UF Study Shows Self-Perception Influences Athletic Performance

September 22, 1998

GAINESVILLE — When it comes to coaching, the pep talk is better than the locker room tirade, University of Florida researchers have found in a new study.

In a project that applied methods previously used only in classroom settings, a team headed by Professor Robert Singer found that changing people’s attributions, or how they think about themselves, influenced their performance in sports tasks they sought to learn.

“How we think about how we will do and how we’ve just done can very much affect our persistence, our attitudes and our achievements,” said Singer, chair of UF’s department of exercise and sport sciences. “It’s not only a belief in what you can do, it’s also an understanding of thinking more objectively.”

The technique is known as attribution training, which involves using people’s self-perceptions and the extent to which they feel they can control their own behavior to help them succeed at various tasks. Those who believe they can control and change how they feel about themselves are said to have constructive attributions.

Singer and UF colleague Iris Orbach divided 35 college-age beginning tennis players into three groups, each of which was given different instructions regarding personal failure. The first was told they could control their attributions and effort and could change their performance. The second was told their failures were due to a lack of innate ability. The third group was told nothing.

In four trials, the first group scored consistently better in performance, expectation, success perception and emotional control, Singer said. For example, on a test to measure feelings of personal control over behavior, the first group scored twice as high as the control group, while the second group scored below the control group.

In a related study in 1997 that focused on basketball time trials, the first group improved their final time between the first and fourth trials more than twice as much as the control group and more than nine times as much as the second group did.

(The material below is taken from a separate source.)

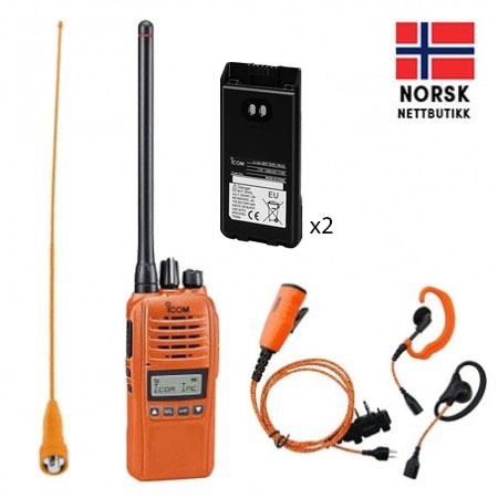 Pakken består av: Radio, 2 stk batteri 2280 mAh, kort og lang antenne, belteclips, lader 230V, ørehøytaler m/fluemikrofon (Pro-P610 LS/LA)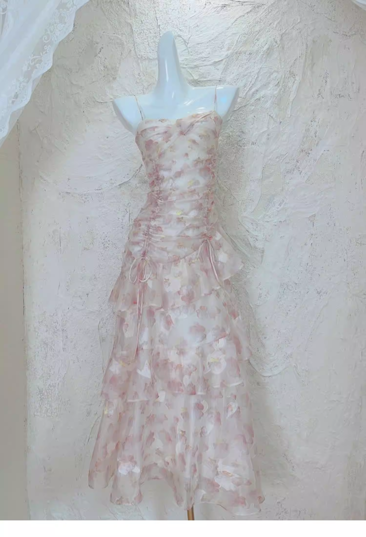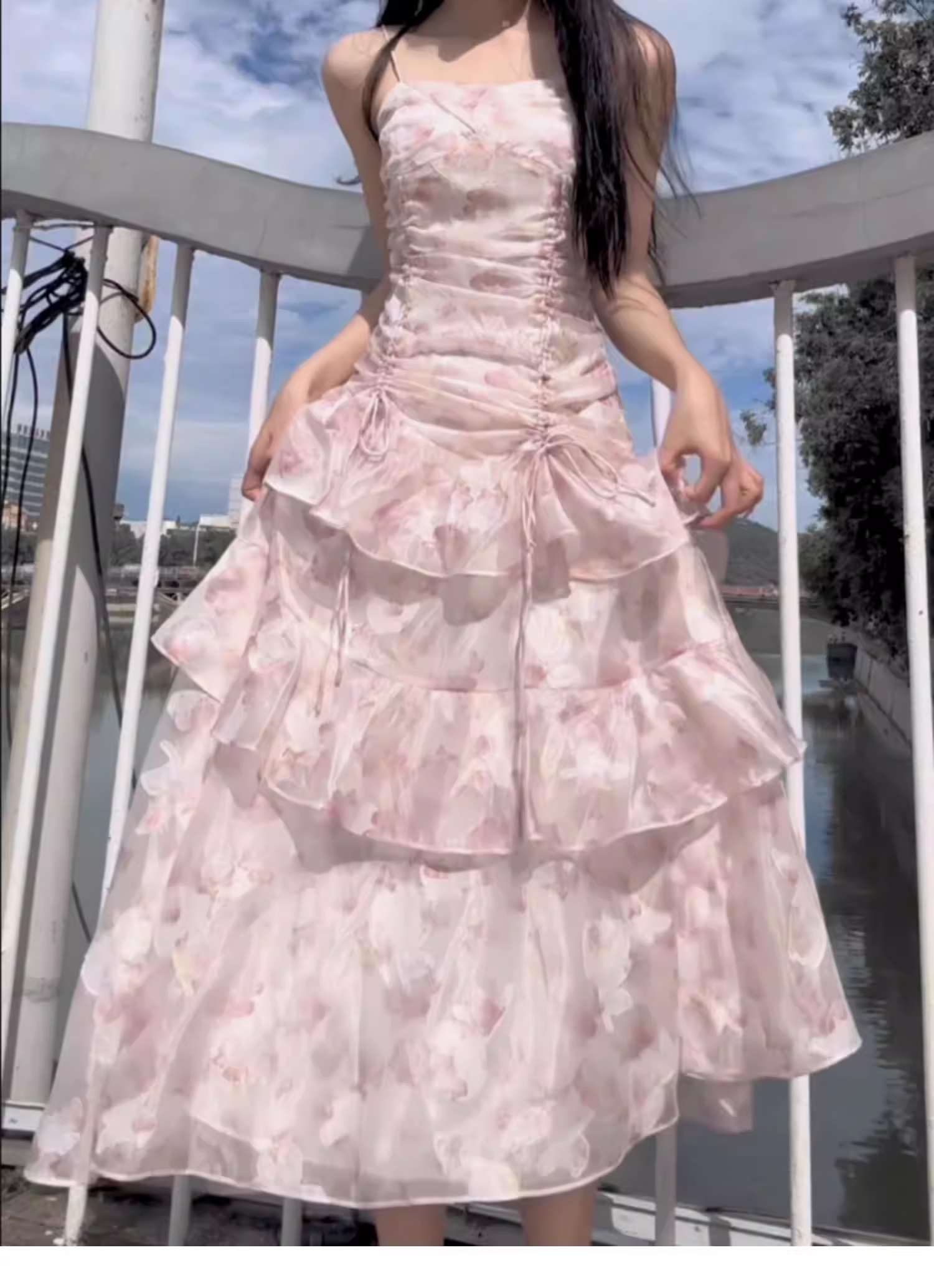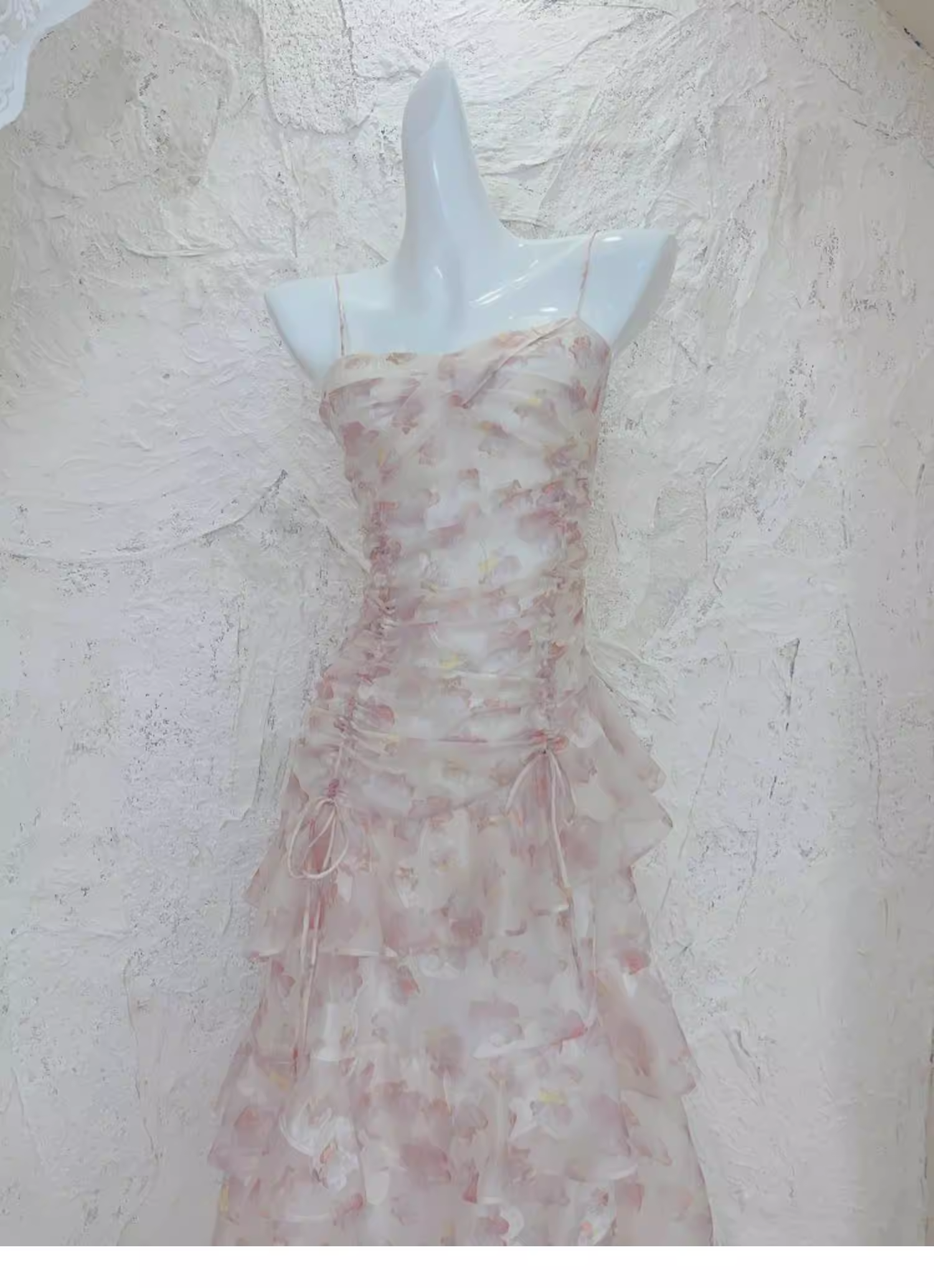 Charming Pink Chiffon Print Floral layered Ruffles Mermaid Party Dress Formal Birthday Prom Dresses SP2000

“When it comes down to it, the primary thing is that you really have to understand what helps you to achieve and what’s under your control,” Singer said. “What has been observed is that those individuals who tend to have more constructive attributions tend to persist longer and tend to achieve more than those who do not have constructive attributions.”

Most studies associated with attribution training techniques have been conducted in the area of education, with the goal of raising the standards for children who are underachievers in the classroom. Singer and Orbach were among the first in the world to apply the techniques to sports.

“Why not try this in a sports setting?” Singer said. “The typical design is to train one group with an attributional orientation that reflects that if you try harder and you try smarter, you’ll have a greater chance of doing well. You’ll learn the skills better and think better things will happen.”

Although it is a common perception that believing in yourself can lead you to success, Singer said his study could have a significant impact on the way people teach and learn athletic activities.

“A lot of times in sports, there’s a negative attitude and a lot of criticism that goes on,” he said. “Probably many athletes and coaches don’t realize the significance of what we’re talking about and the relevance of how people think … I believe that if there’s a better understanding by coaches as to the kind of feedback they give to athletes and how stuff is delivered to them, it could make a difference.”